Starting with the line that holds "Sterling Silver Success", repeat each line through the last one below, exactly. Pictures stay out.

Dataset excerpt>
= = = =
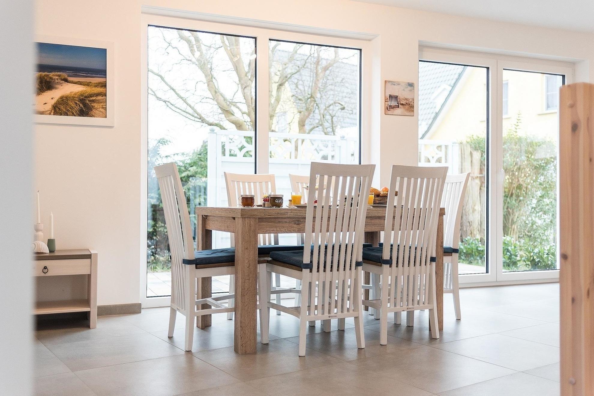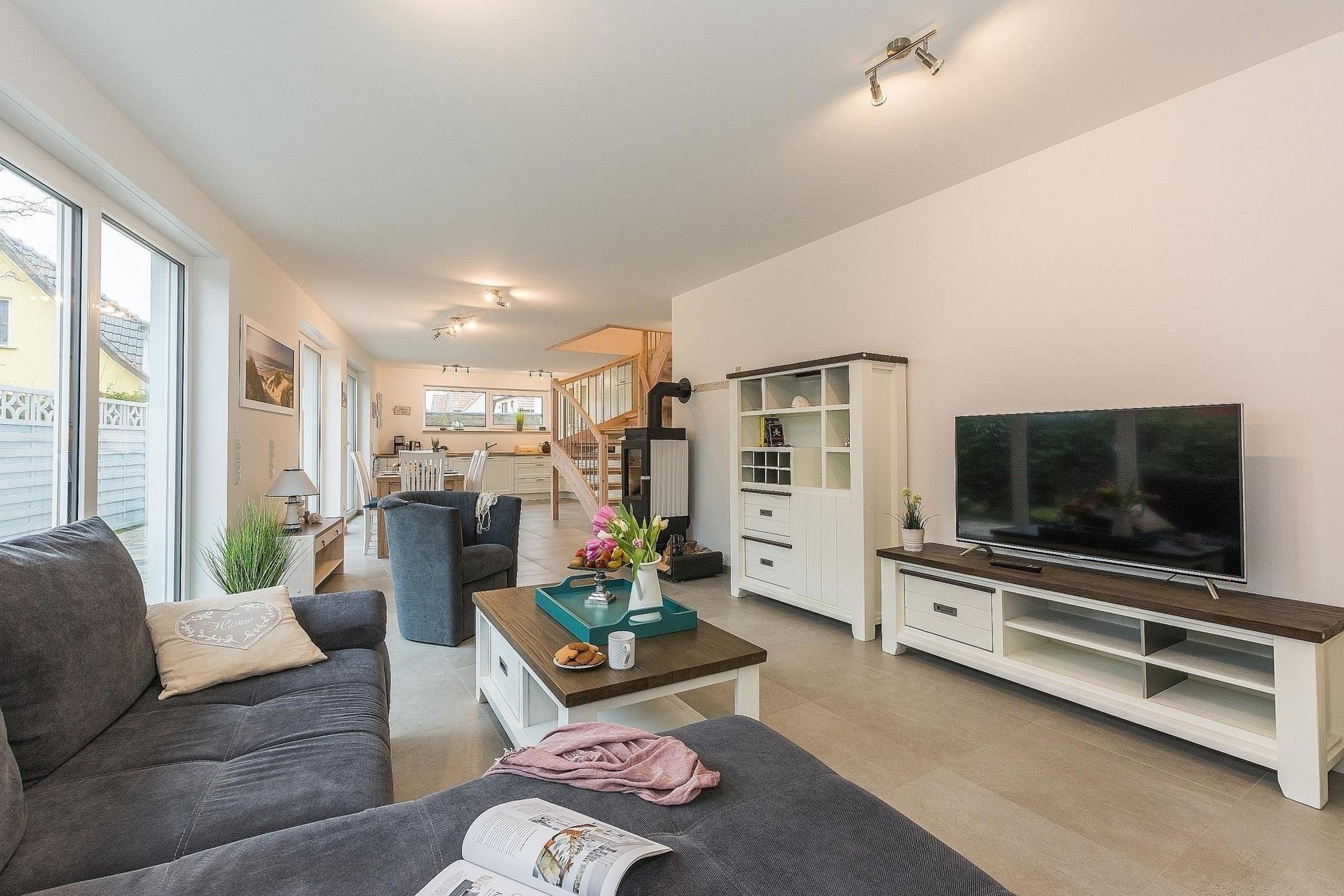 In der Lindenstraße erwartet die Gäste ein großzügiges Strandhaus, das ideal für erholsame Ferien ist. Das lichtdurchflutete Wohnzimmer mit Kamin schafft eine einladende Atmosphäre, während die große, moderne Küche mit Elektro-/Gasherd, Backofen, Geschirrspüler und einer Vielzahl von Küchenutensilien alle Kochwünsche erfüllt. Der angrenzende Essbereich bietet ausreichend Platz für gemeinsame Mahlzeiten.
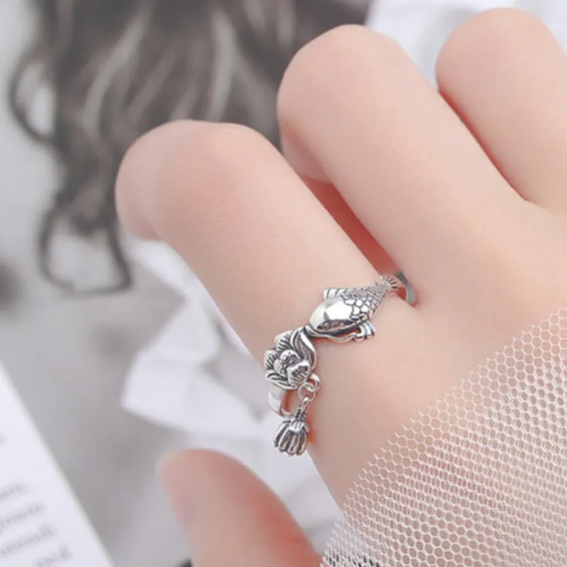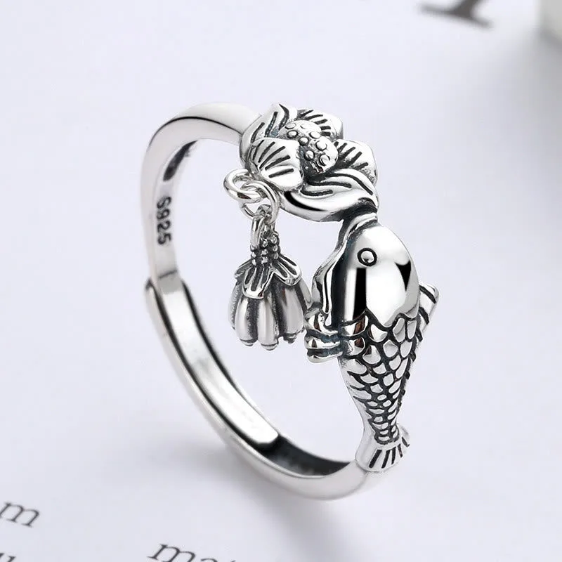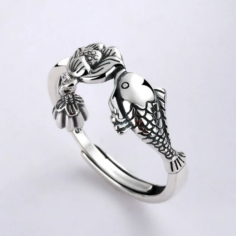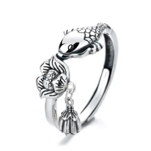 Sterling Silver Success ring combines the symbolism of the koi fish and lotus flower. representing perseverance and purity. The koi fish and lotus are beautifully crafted at each end. with a delicate lotus seed pod charm hanging below the lotus. This ring embodies the journey toward success and the harmony found in overcoming obstacles.
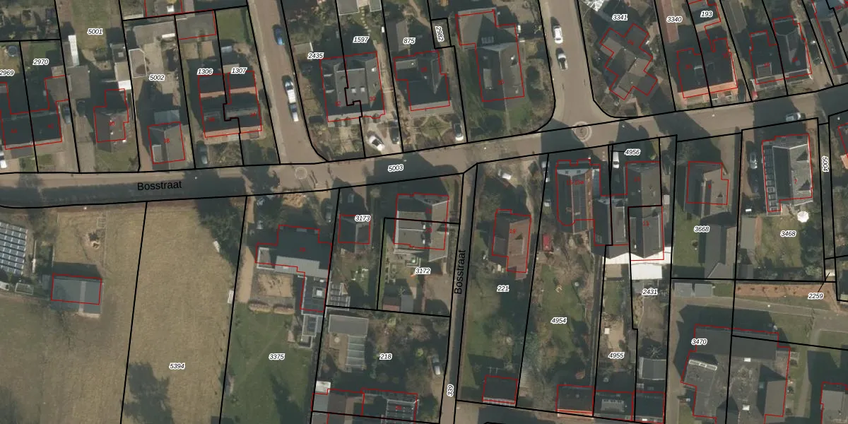 Het perceel waarop Bosstraat 21 staat heeft een oppervlakte van 515 m². Dit is een groot perceel. De perceeloppervlakte wordt geregistreerd door het Kadaster. Gedetailleerde informatie over de maten van dit perceel kunt u vinden in het rapport Kadastrale kaart met maatvoering van Bosstraat 21.
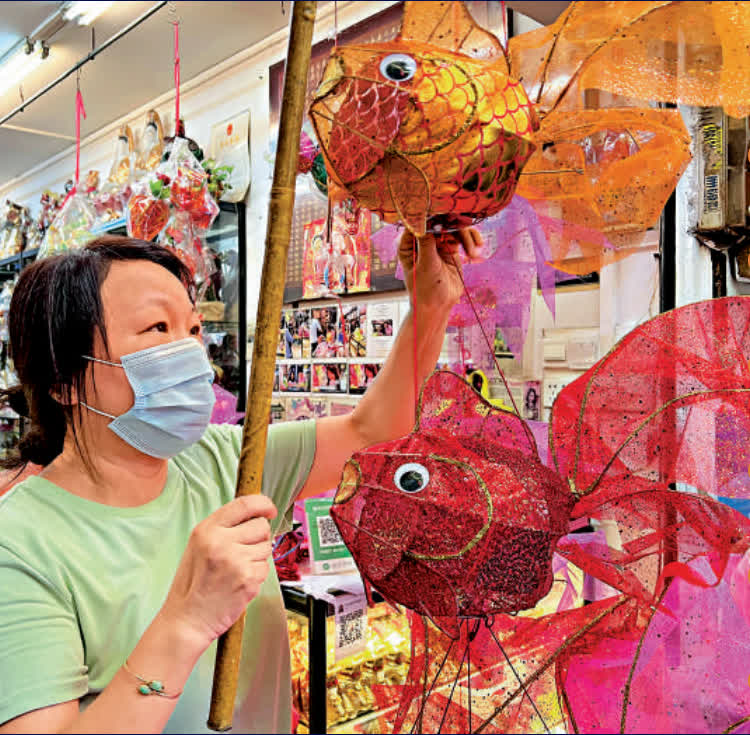被親切喚為「英姐」的老闆娘彭少英一手接過顧客選定的燈籠,一手裝好電池亮燈,確定沒有問題後才扯上一個紅色塑膠袋裝起來。不過更多人喜歡把燈籠拿在手裏,邊走邊玩。
= = = =
Answer space>
 Sterling Silver Success ring combines the symbolism of the koi fish and lotus flower. representing perseverance and purity. The koi fish and lotus are beautifully crafted at each end. with a delicate lotus seed pod charm hanging below the lotus. This ring embodies the journey toward success and the harmony found in overcoming obstacles.
 Het perceel waarop Bosstraat 21 staat heeft een oppervlakte van 515 m². Dit is een groot perceel. De perceeloppervlakte wordt geregistreerd door het Kadaster. Gedetailleerde informatie over de maten van dit perceel kunt u vinden in het rapport Kadastrale kaart met maatvoering van Bosstraat 21.
被親切喚為「英姐」的老闆娘彭少英一手接過顧客選定的燈籠,一手裝好電池亮燈,確定沒有問題後才扯上一個紅色塑膠袋裝起來。不過更多人喜歡把燈籠拿在手裏,邊走邊玩。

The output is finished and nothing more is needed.